Implementations of the machine learning algorithms were accessed via the scikit-learn (version 1.0.1)49 and extreme gradient boosting (XGBoost, version 1.5.1)50 Python modules. XGBoost was used, after hyperparameter optimization, with a learning rate of 0.3, root mean squared error was used as the evaluation metric. A maximum tree depth of 2 was used with a maximum of 10 epochs and a squared error training loss. When training on the on-the-fly more expensive dataset, after hyperparameter optimization, the extra trees regressor (ETR) model was trained to fit 100 trees with a maximum depth of 5 and the minimum number of samples at a leaf node of 1 and a maximum of 10 leaf nodes per tree. Squared error was used as the training criterion. When training on the Judred dataset, after hyperparameter optimization, the maximum tree depth was set to 20, with a minimum of 2 samples per leaf, a maximum depth of 20 and the training criterion was the absolute error.

Hyperparameter optimization

The sample dataset of 200 octapeptide simulations was run in triplicate and used to fit each model's hyperparameters. Randomized search with 5-fold cross-validation was used to scan a wide range of hyperparameter combinations of each model. The results of each model's predictions made for a separate validation set can be found in the ESI, Table S3.

Machine learning model selection

The models were chosen based on the score of each machine learning regression model (RMSE & r2), trained on the random set run in triplicate, against a previously unseen high APL validation set of 200 systems run in duplicate and reduced to only those systems with above average APL, see ESI, Table S3. This was done to prioritize the accurate prediction of the best performers (highest APL) at the expense of accurately predicting how bad an octapeptide performs (low APL).

Results and discussion

Experimental validation of machine learning selected peptide sequences

After 7 iterations of the active machine learning protocol, the APL score of the top-scoring peptides began to stabilize. We therefore selected a range of PFPs based on their predicted APL and sequence diversity to test experimentally, along with a series of positive and negative control sequences (Fig. 2). The Phe-rich Temporin-SHf peptide 1 (FFFLSRIF) was chosen as a positive control in experiments due to its previously documented activity against dimyristoyl-based lipids.20 Temporin-SHf was predicted by the ML algorithms to have a high APL score, but not selected out of the millions of high APL predictions by the active learning model in any iteration. Peptide 2 (GSGTGSGT) was chosen as a negative control peptide, and peptide 3 (CFTYFFRV) was also tested as a negative control as it was predicted to be inactive by the algorithm despite the characteristic cationic, amphiphilic nature of the sequence with one small polar residue. Peptide sequences 4–11 were all selected by the active machine learning algorithm and visually confirmed to cause membrane-disruption in the molecular dynamics simulations. These peptides were selected due to their varying chemistry to maximize the probability of discovering a hit in the planar lipid bilayer experiments.
image file: d4cp01404a-f2.tif
Fig. 2 Characteristics and experimental validation of hit peptides. (A) Probability heatmap of amino acid residues, categorized by residue characteristic, and position in octapeptide of hit peptides selected by the active machine learning cycle (ESI, Table S4). (B) Planar lipid bilayer ion current recordings of octapeptides 1–3 (positive and negative controls) and sequences selected by the active machine learning algorithm 4–10. Each peptide was added (10 μL of 50 μM, final concentration ∼0.8 μM) into a buffer-containing well (1 M KCl, 10 mM MOPS, pH 7.4) on the side of the POPC planar lipid bilayer containing the positive electrode. A potential difference +10 mV was applied, and the resulting ion currents shown were recorded (2 kHz lowpass Bessel filter). Snapshots of the final frame from the molecular dynamics’ simulations of peptide-membrane interactions; peptides are represented as blue beads with the bilayer in grey, and water beads are omitted for clarity.

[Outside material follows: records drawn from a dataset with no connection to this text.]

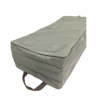 The Rooftop Storage Gear Bag by The Bush Company is great for storing items on your roof or roof rack that you want to protect from the elements. The Rooftop Storage Gear Bag has been designed to fit three of The Bush Company'ss Pioneer Boxes perfectly| but you can store pretty much anything in it. The dimensions of the Gear Bag are 1.2m long| 51cm wide| and 26cm high| with a capacity of 160L. Built-in strapping points for tie-down ratchet straps which are not included| allow you to anchor your load securely and safely with the straps running either lengthways or sideways across the bag. The canvas is our heavy-duty 460gm ripstop canvas and there is a full PVC floor providing extra protection. The zip is a high-quality YKK zipper and the large overlapping flap is secured with a 25mm wide strip of heavy-duty Velcro. As the bag is the canvas we cannot guarantee that it is 100% waterproof due to stitching etc. | but the bag is about as water-resistant as you can get. The ratchet straps are not included with the bag.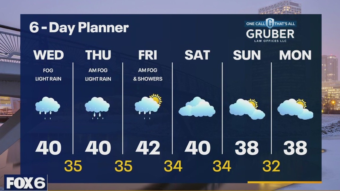 Warm, moist air continues to push into our area today and that combined with melting snow is creating a dense fog in many areas. A Dense Fog Advisory is in effect until 10am. A area of light rain moves over us later this morning and through the afternoon. A few showers are possible even overnight into Thursday morning. Highs today will warm to near 40 and we stay well into the 30s overnight and return to near 40 Thursday. A steady light rain returns by Thursday afternoon and light showers are possible into Friday morning. We should dry up for a few days after that.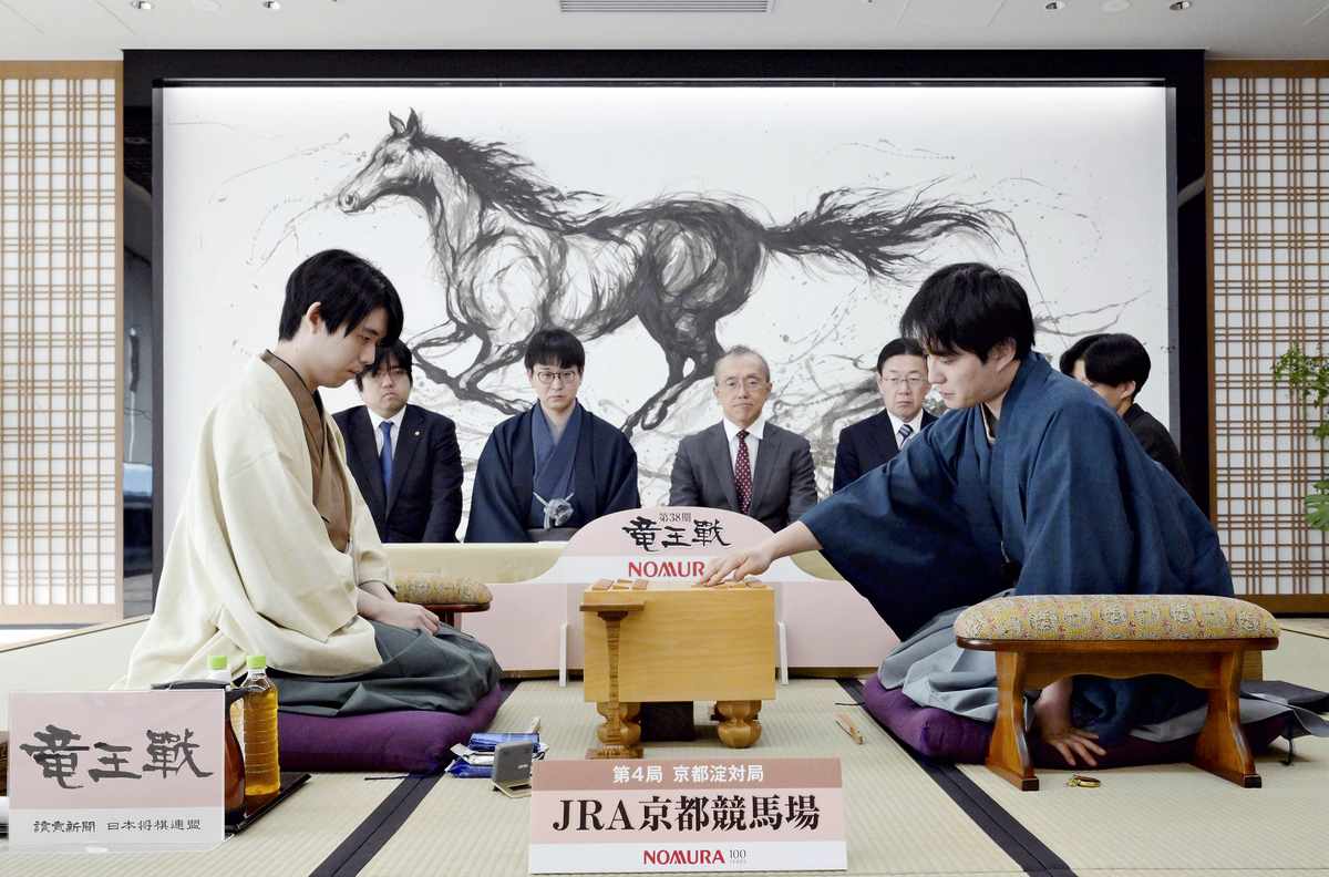 KYOTO — The fourth match of the best-of-seven Ryuo title series began at Kyoto Racecourse in Kyoto City on Wednesday, as shogi prodigy Sota Fujii seeks to defend his title.
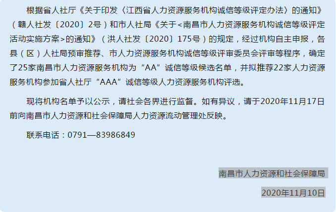 我市發(fā)布人力資源服務(wù)機(jī)構(gòu)誠(chéng)信等級(jí)候選名單及推薦名單~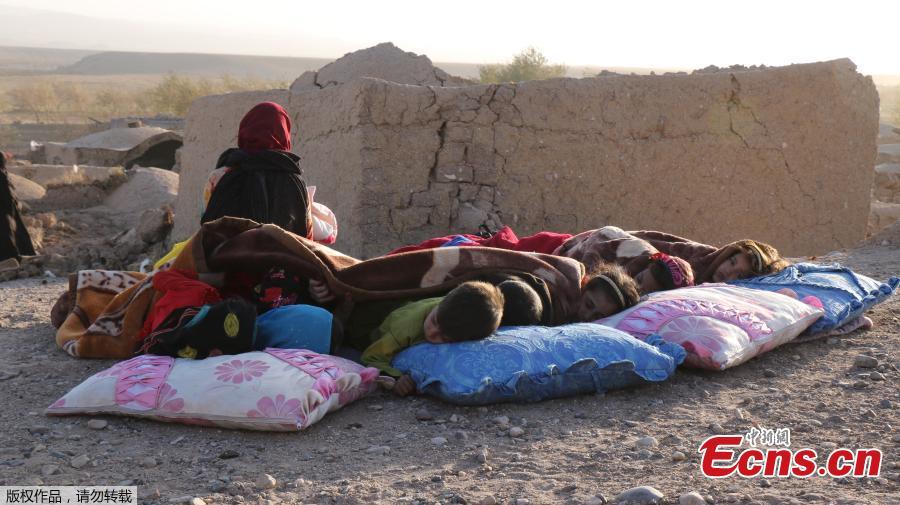 Afghan children rest under a blanket beside damaged houses after earthquake in Sarbuland village of Zendeh Jan district of Herat province, Afghanistan, Oct. 7, 2023. (Photo/Agencies)

The selected peptides were obtained as lyophilized solids with >90% purity following solid-phase peptide synthesis and HPLC purification (ESI). The ability of the peptides to form pores in 1-palmitoyl-2-oleoyl-sn-glycero-3-phosphocholine (POPC) bilayers was assessed using ion currents recorded using a patch-clamp amplifier (ESI).33,51,52

POPC lipid membranes exhibited disruption and leakage upon addition of 1 as determined by the observation of current flow through the membrane (0.8 μM peptide conc. in well, Fig. 2B). Subsequent addition of further aliquots of the positive control led to complete destruction of the membrane (peptide conc. in well ∼3 μM, ESI, Fig. S4). Reassuringly, the lipid membrane remained experimentally unperturbed for over an hour at +10 mV following the addition of the negative control peptide 2, even at 10-times the concentration used for the positive control peptide (to a final conc. of 8 μM in the well added over 5 minutes). The second negative control peptide 3 that was predicted not to form channels by the MD simulations was also confirmed experimentally (Fig. 2B).

Peptides 4–10 were all experimentally observed to cause membrane-disruption as indicated by significant current flow upon the addition of peptide-containing solutions. In some cases, such as that of peptide 4 (VCVYWWRT), stable discrete current levels were observed, which supports the hypothesis of stable channel formation. However, the appearance of apparent discrete channels was generally observed prior to major membrane-disruption and eventual bursting of the bilayer even under relatively low applied potential difference (10–50 mV, see ESI, Fig. S5). Whilst the ion traces indicate that the channels are transient and stochastic, it is remarkable that all selected sequences demonstrated disruptive potential against stable POPC bilayers.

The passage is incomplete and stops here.